The focus today should be not only on benchmark language in credit facility documentation but also on the related interest rate management documentation (which may include ISDA Master Agreements and accompanying schedules and trade confirmations evidencing caps, swaps or other OTC derivatives), as the adjustment of benchmark language in loan documentation without the simultaneous adjustment to related derivative documentation -- if any -- may result in inconsistent contracts.
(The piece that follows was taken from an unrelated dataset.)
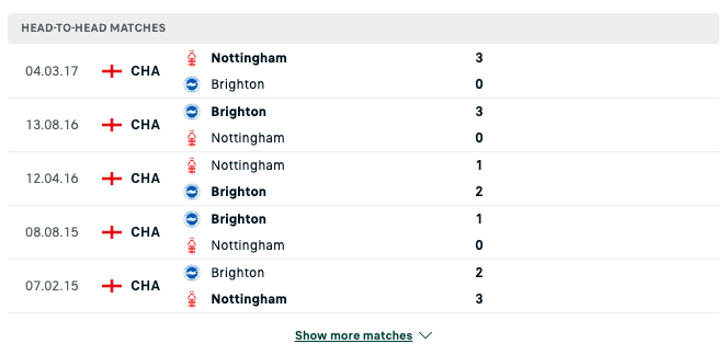 Theo thống kê trong 5 trận đấu 2 đội đụng độ với nhau gần đây nhất thì đội chủ nhà Brighton vẫn đang chiếm ưu thế hơn với 3 chiến thắng và 2 trận thua. Brighton đang là đội bóng nắm nhiều lợi thế hơn trước cuộc đối đầu này. Bầy hải âu được chơi trên sân nhà cùng một vị trí cao hơn trên bảng xếp hạng và bên cạnh đó còn là sự kinh nghiệm hơn tại đấu trường Premier League. Brighton đang chơi không tồi khi có được vị trí thứ 7 trên BXH. Chỉ phải gặp Nottingham Forest đứng cuối BXH vừa thua 6/7 trận gần nhất, nhiều khả năng họ sẽ kiếm trọn 3 điểm trên sân nhà.
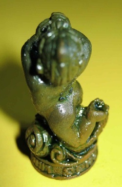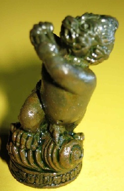 หลวงปู่ทิมท่านปลุกเสกเครื่องรางที่เป็นรูปสัตว์ได้อย่างมีชีวิตชีวา เมื่อผมและเพื่อนๆ หิ้วลังบรรจุหนุมานไปที่วัดท่านถามผมทันทีว่า เอาหัวใจมาด้วยหรือเปล่า ผมตอบท่านตามเคล็ดที่เคยได้ยินจากท่านว่า เอาหัวใจมาด้วยครับ ผมจำได้ตั้งแต่ผมได้สร้างพระกริ่งชินบัญชร ท่านถามผมว่าเอายอดเจดีย์ ยอดปราสาทมาด้วยหรือเปล่า ผมบอกว่าเอามาครับ ครั้งที่คุณเพียรวิทย์ และคุณมงคล นาคแพน ลาท่านไปเอาสิงโต ๔ ตัว ที่จะมาตั้งไว้ตรงบันไดศาลาภาวนาภิรัต หลวงปู่ทิมท่านสั่งว่า เอาหัวใจมันมาด้วยนะ ผมถามท่านว่า เอาหัวใจมาทำไมครับ หลวงปู่ทิมท่านบอกว่า วันดีคืนดีมมันจะได้ออกมาวิ่งเล่นได้ เหมือนกับที่ท่านถามผมว่าเอายอดเจดีย์ยอดปราสาทมาด้วยหรือเปล่า ตอนไปเททองหล่อพระกริ่งชินบัญชร และพระกริ่งชินบัญชรที่ผมสร้างให้ท่านก็ดังระเบิดเป็นยอดพระกริ่งอยู่ในเวลานี้ การสร้างของให้ขลังให้ดังต้องมีเคล็ดวิชาประกอบด้วยครับ อย่างเช่นหลวงปู่ทิมท่านจะสร้างพระขุนแผนพรายกุมารท่านก็สั่งให้ นายสิงห์ราช อัมฤทธิ์ ซึ่งมีทั้งชื่อ และนามสกุล เป็นมงคลคือมีทั้งมหาอำนาจและยืนยงเป็นอมตะ มาเป็นผู้สร้างพระขุนแผนพรายกุมารหรือยอดขุนพลบ้ายค่ายและก็โด่งดังเป็นที่แสวงหากันอยู่ในะขณะนี้ อาจารย์อนันต์ สวัสดิสวนีย์ อดีตหัวหน้าช่างสิบหมู่ของกรมศิลปากร ไปหาหลวงปู่พรหมมากับผมเป็นรายแรกๆ เมื่อหลายปีมาแล้ว บอกกับหลวงปู่พรหมมาว่า ผมสร้างหนุมานให้หลวงปู่ทิมจนโด่งดัง หลวงปู่พรหมมาท่านพูดว่า สร้างพ่อมันแล้วก็สร้างลูกมันอีกซิ ลูกมันเก่งกว่าพ่อมันอีก มันเก่งทั้งในน้ำบนบกและในอากาศด้วย ผมและอาจารย์อนันต์ จึงสร้างลูกหนุมานขึ้นมาอาจารย์อนันต์สร้างตัวใหญ่ ผมสร้างตัวเล็กโดยอาจารย์อาจารย์อนันต์เป็นผู้ออกแบบ ลูกลิงที่มีหางเป็นปลาอายุประมาณ ๗-๘ ขวบ นั่งพนมมืออยู่บนเกลียวคลื่นมีไอ้จู๋ให้เห็นอย่างน่ารัก โรงหล่อช่างถนอม นครอินทร์ หล่อมาให้ผมเป็นตัวอย่าง ๕๐๐ ตน พร้อมกับหนุมานนั่งแท่นอีก ๕๐๐ ตน เป็นเนื้อสัมฤทธิ์แก่ทองเหลืองทองแดง ทั้ง ๒ อย่าง ช่างถนอมหล่อให้คราวเดียวกับการสร้างรูปหล่อยืนองค์ใหญ่ปี ๒๕๓๗ เอาไปส่งให้ผมที่วัดละหารไร่ เมื่อใกล้จะถึงเวลาปลุกเสก ผมจึงไม่ได้ตรวจใบส่งของว่ามีอะไรบ้างและก็ไม่คิดว่าช่างถนอมจะหล่อมัจฉานุมาให้ด้วยเพระาผมสั่งให้หล่อเสร็จก่อนวันเพ็ญเดือน ๑๒ ตอนพระจันทร์อยู่ตรงกับศีรษะในเวลาเที่ยงคืน เมื่อทางโรงหล่อทำมาให้เป็นตัวอย่างก่อนผมจึงไม่ทราบ จนพิธีปลุกเสกรูปหล่อยืนและของขลังอื่นเสร็จหมดแล้ว หลวงปู

Given this reality, ARRC working groups developed the ARRC Fallback Language for loans in such a way as to be consistent with the approach for USD LIBOR replacement language in hedges currently being developed by ISDA.
________________________________________________________________________________________________________________________________________

1 Alex Harris, “LIBOR Refuses to Die, Setting Up $370 Trillion Benchmark Battle,” Bloomberg (May 6, 2018), accessed on October 19, 2018 via https://www.bloomberg.com/news/articles/2018-05-06/libor-refuses-to-die-setting-up-battle-for-benchmark-supremacy.
2 It is estimated that USD LIBOR-based benchmarks are included in at least $200 trillion in contracts while the primary benchmarks for Euros, EURIBOR and EONIA, account for $30 trillion in contracts. “The Price of Everything; A Scramble to Replace LIBOR is Underway,” The Economist (29 Sept. 2018), accessed on October 18, 2018 via https://www.economist.com/finance-and-economics/2018/09/29/a-scramble-to-replace-libor-is-under-way
3 “The ARRC Interim Report: Frequently Asked Questions,” Alternative Reference Rates Committee, accessed on October 18, 2018 via https://www.newyorkfed.org/arrc/faq#15. A primary objective of ARRC, given that its membership consists of representatives of 15 leading money center banks and the largest derivative exchanges and clearinghouses in the world, is to bring about consistency in documentation across both cash (i.e., USD LIBOR-based loans) and derivative (such as interest rate swaps and caps which similarly reference USD LIBOR) markets.